The frame may also be provided in a stamping step or from any other
process such as laser cutting.
The central diaphragm portion and frame may be made from sheets of
suitable materials.
The connection, as described above, may be a soldering, gluing,
welding or the like of one or more portions of the central portion
to one or more portions of the frame. Alternatively, the connection
may be obtained by providing a resilient material between the frame
and the hinge portion.
The providing of a plane layer of the resilient material may
comprise stretching the layer in order to ensure that it is plane
and non-buckled before/during application/attachment.

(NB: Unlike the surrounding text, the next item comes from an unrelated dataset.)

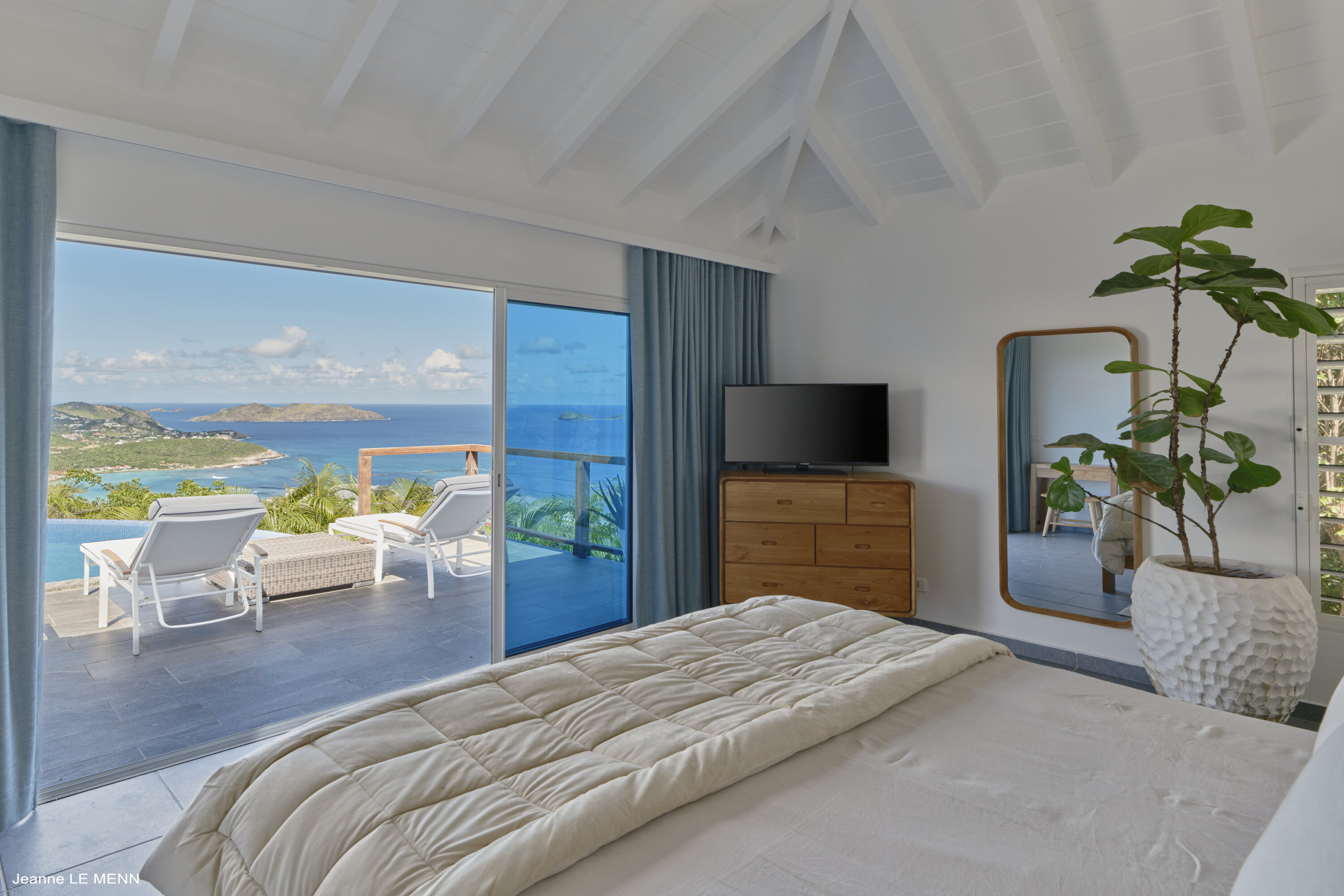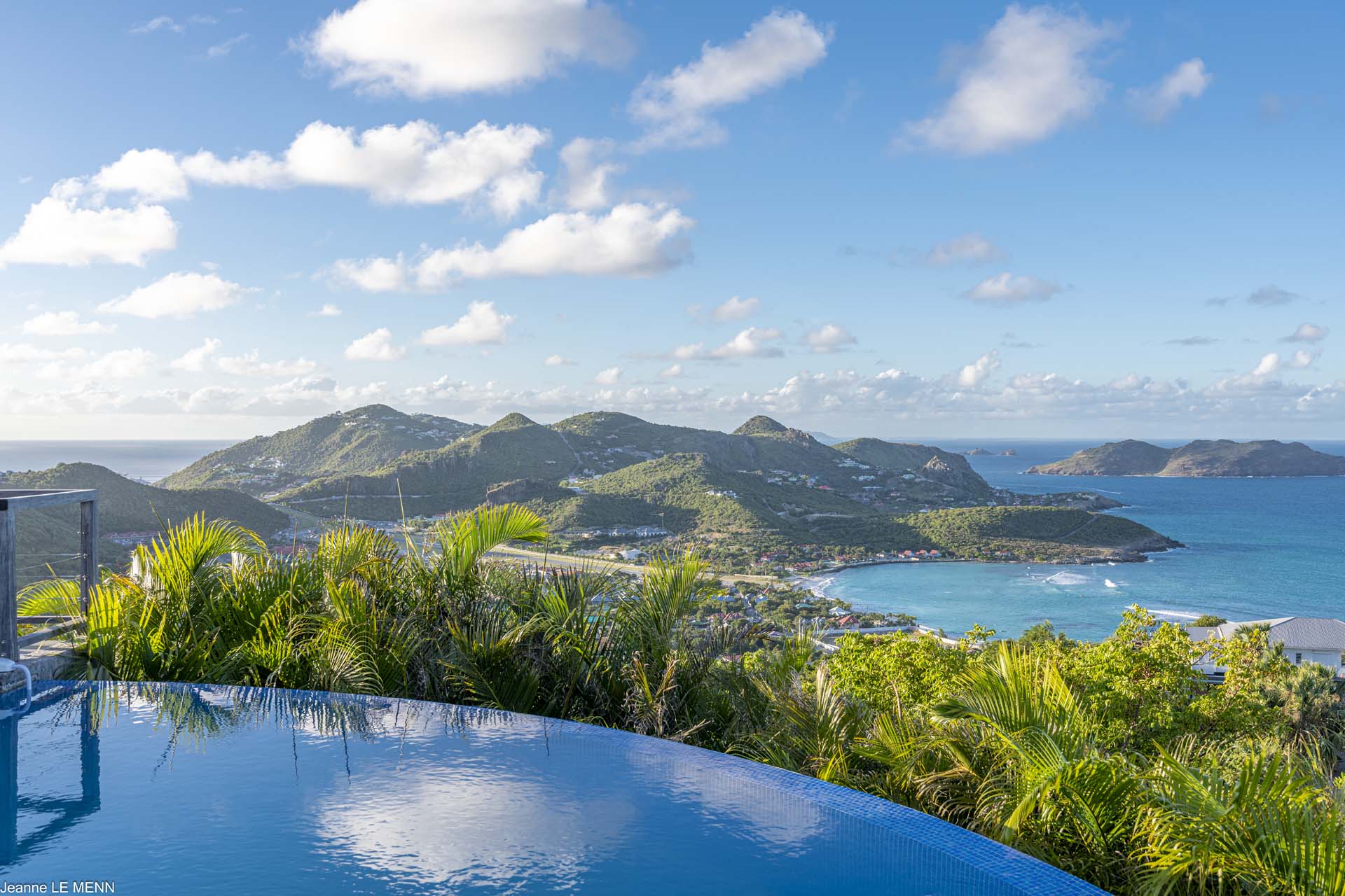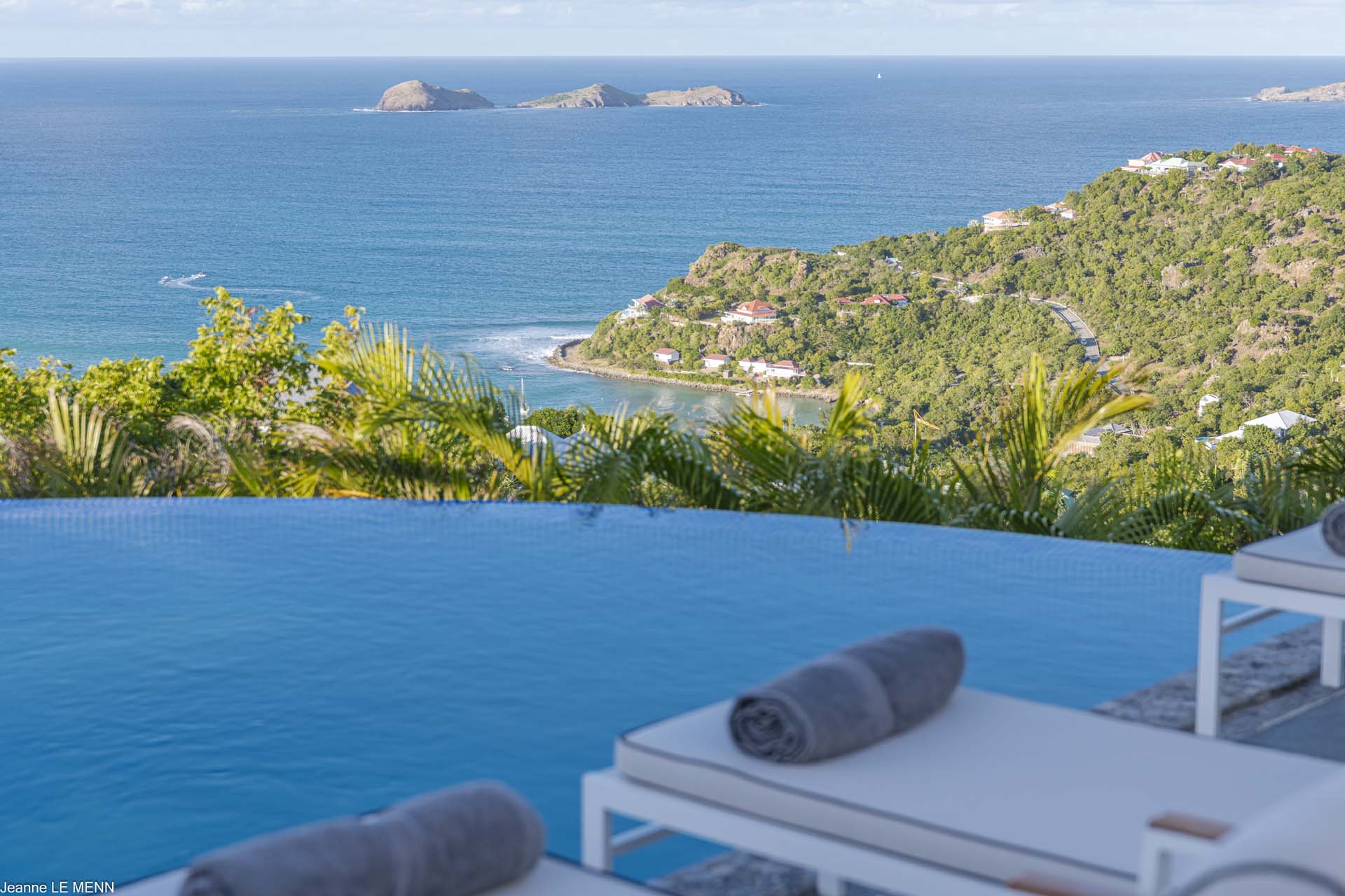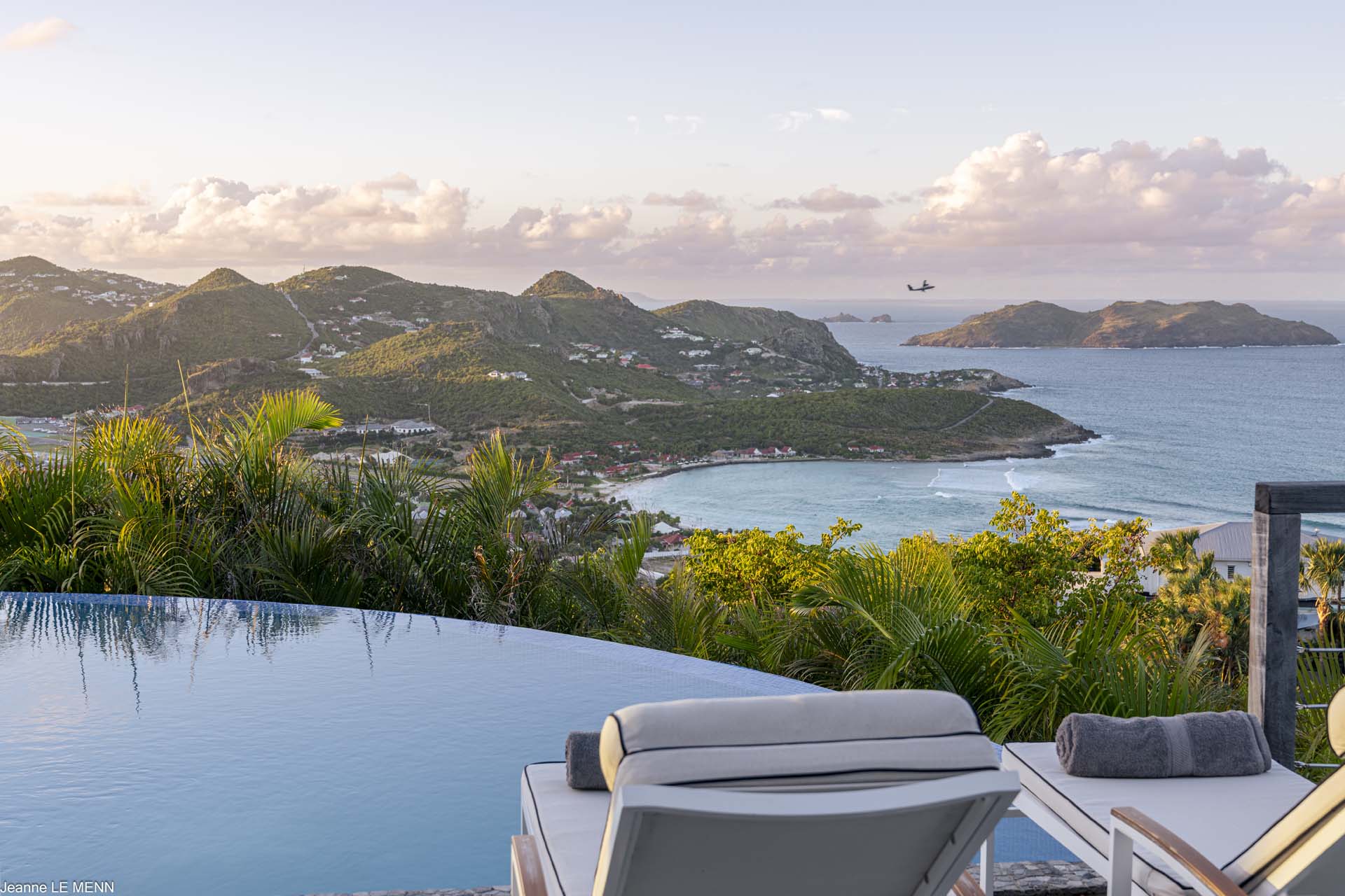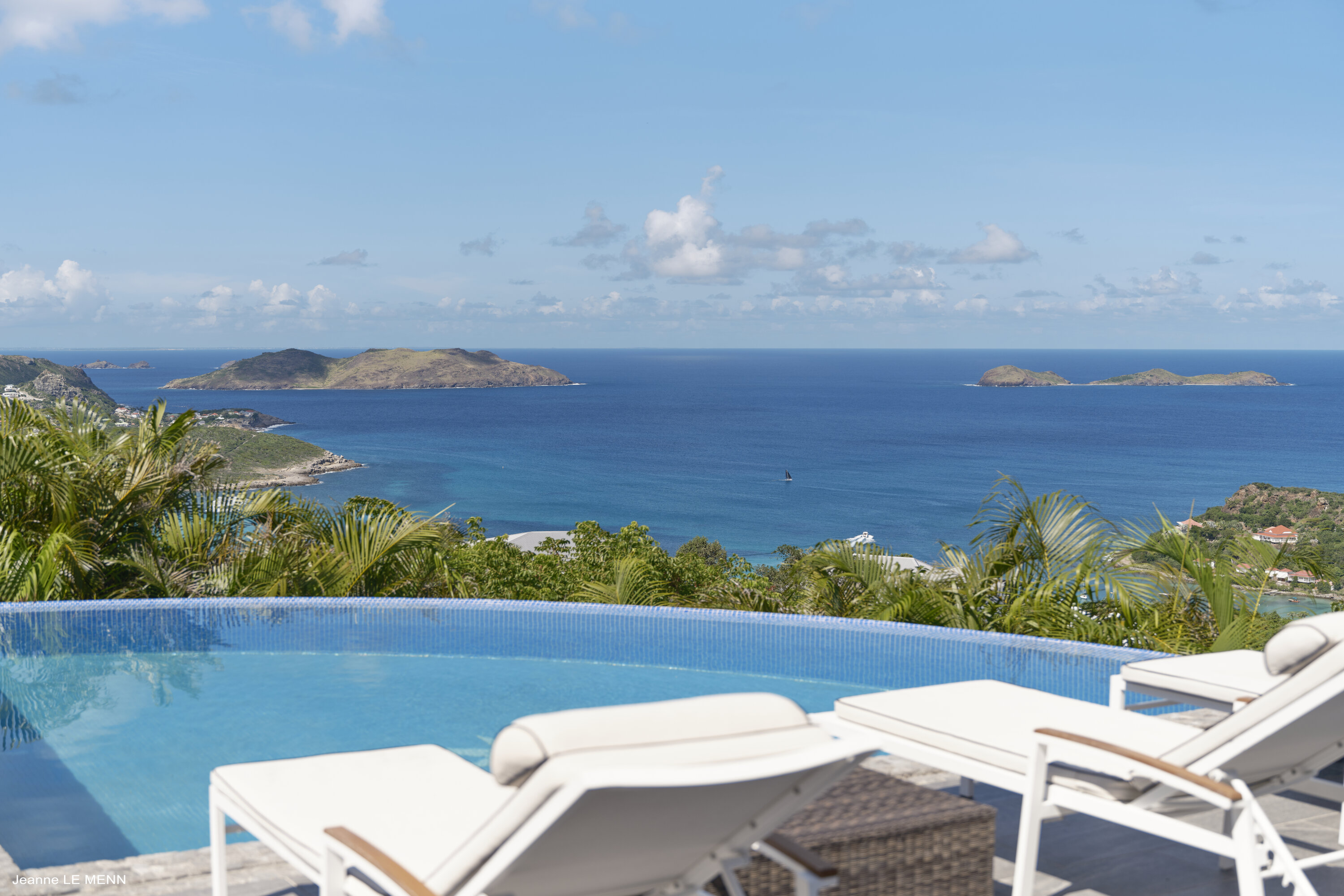 Poised high on the St. Jean hillside, this two bedroom deluxe villa offers privacy and a spectacular view of St. Jean Beach and the bustling little airport’s arrivals and departures in the distance. The entrance is graced with a lily pond, and the main house includes airy living spaces with contemporary décor in an all-white palette. A well-equipped kitchen, an adjoining dining area, and a guest bath are all in the main house as well. Two of the bedrooms (king platform beds) are in an adjacent pavilion and are identical in size. They feature en suite baths with double vanities and vessel sinks, access to the pool terrace and a fabulous view. The 3rd en suite bedroom, also with an ocean view, has a deck, and is privately situated on the lower levelThe focal point of the sunny terrace is a delightful infinity pool, heated in winter and chlorine-free; there are loads of outdoor living-and-relaxing spaces, including a covered dining terrace and a gazebo. Villa Ellede also features a fitness room. Techno amenities include U.S. Satellite, Wifi, and surround sound. Romantic enough for honeymooners, it would also be a great choice for vacationing friends.Please fill out the form to begin your inquiry and we will connect you with a seasoned villa rental specialist.

The attachment of the resilient material to the central portion and
frame may be a gluing step, if the resilient material in itself is
not sufficiently tacky. The material may be made tacky using e.g.
heat, radiation, a solvent or the like. An alternative solution
could be a gel, as described above. A gel may be quite simply dosed
or provided at the desired positions.
An eighth aspect of the invention relates to a diaphragm element
comprising one or more slits covered by a resilient element, the
diaphragm element further comprising a damping substance positioned
locally on a surface thereof.
In the present aspect, the diaphragm element may be a diaphragm
according to any of the above aspects, where a slit may be provided
between oblong elements. Alternatively, the diaphragm element may
comprise a frame and a standard diaphragm without slits, where a
slit is provided between the diaphragm and the frame. Naturally,
the diaphragm element may comprise the above slitted diaphragm and
a frame.
The diaphragm element may be a sheet or laminate of one or more
metals, wherein the slit(s) is/are provided. Naturally, also other
materials may be used instead of or in addition to metals.
Naturally, this aspect may be combined with any of the other
aspects of the invention, so that all other situations, embodiments
and the like may be used in combination with this aspect of the
invention.
The resilient element is described above and may be a layer or foil
of a resilient material covering the slit or potentially a complete
surface of the diaphragm.
The damping substance may be the above-mentioned gel. This
substance may be provided on the resilient material in or at the
slit and/or on other portions of the diaphragm element. The damping
substance may be provided locally, such as as droplets, ridges,
lines, tracks, geometrical figures, or the like.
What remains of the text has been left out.